** Source material **

────────

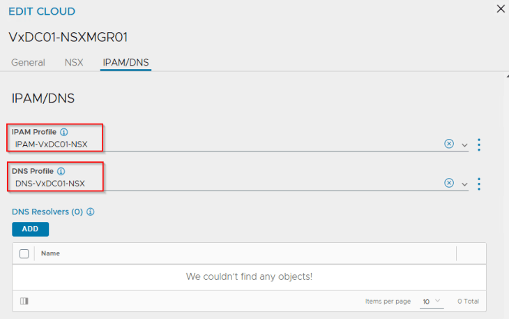 We also have an IPAM and DNS profile attached to the cloud connector.
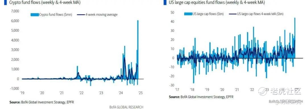 在继续之前,让我们快速看一下最新的每周资金流动情况,在这里我们发现从债券到股票、从新兴市场/中国到美国、从黄金到加密资产的大规模轮换。
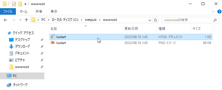 「IIsstart」を右クリックし、「プログラムから開く」→メモ帳を選択します。
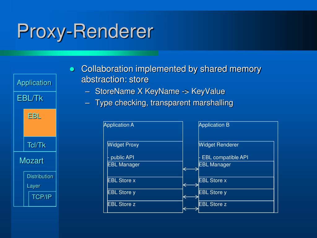 Application EBL/Tk EBL Tcl/Tk Mozart Distribution Layer TCP/IP Adaptation • Alternate compatible renderers Widget X definition Proxy X Renderer X1 Widget Y definition Renderer Y1 Proxy Y Renderer Y2 Renderer Y3

────────

Give back exactly the lines from the one containing "在继续之前,让我们快速看一下" through the last line above, both included, and none of the pictures.

** Task answer **
 在继续之前,让我们快速看一下最新的每周资金流动情况,在这里我们发现从债券到股票、从新兴市场/中国到美国、从黄金到加密资产的大规模轮换。
 「IIsstart」を右クリックし、「プログラムから開く」→メモ帳を選択します。
 Application EBL/Tk EBL Tcl/Tk Mozart Distribution Layer TCP/IP Adaptation • Alternate compatible renderers Widget X definition Proxy X Renderer X1 Widget Y definition Renderer Y1 Proxy Y Renderer Y2 Renderer Y3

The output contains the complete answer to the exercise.